Researchers have successfully used facial recognition technology to detect a rare genetic disease called DiGeorge syndrome in patients. This breakthrough could prove to be a new diagnostic tool for doctors who often have trouble diagnosing the disease due to its many symptoms. The condition is estimated to affect one in 3000 to 6000 kids, and causes defects like heart problems and cleft palate.

The work was accomplished by the NIH's National Human Genome Research Institute, where researchers used facial recognition technology to detect the facial features indicative of this disease. A total of 126 facial features were identified and can be used to diagnose DiGeorge syndrome with a 96.6% accuracy across all ethnic groups.

Speaking about this, medical geneticist Paul Kruszka said:

Human malformation syndromes appear different in different parts of the world. Even experienced clinicians have difficulty diagnosing genetic syndromes in non-European populations.
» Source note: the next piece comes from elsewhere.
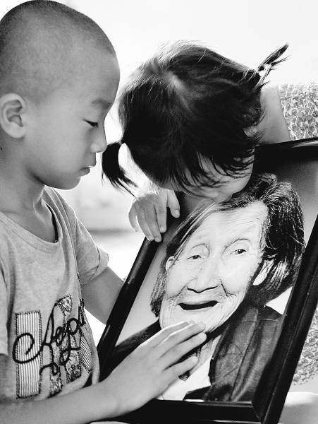 麒麟手捧遺像呆呆坐在門前。一個(gè)扎著小辮的4歲小女孩跑過來,在老人遺像的額上輕輕一吻。遺像是麒麟周歲生日時(shí)照的,好心的市民買來了蛋糕,老人咧著無牙的嘴,笑得很開心。

That's why researchers used 156 volunteers spanning Caucasian, African, Asian, and Latin American ethnicities to identify the many different facial features common to the disease. Even better, the technology is not limited to only this condition, but has already been proven capable of diagnosing Down syndrome; researchers are looking into the possibility of also using it to diagnose Williams and Noonan syndromes.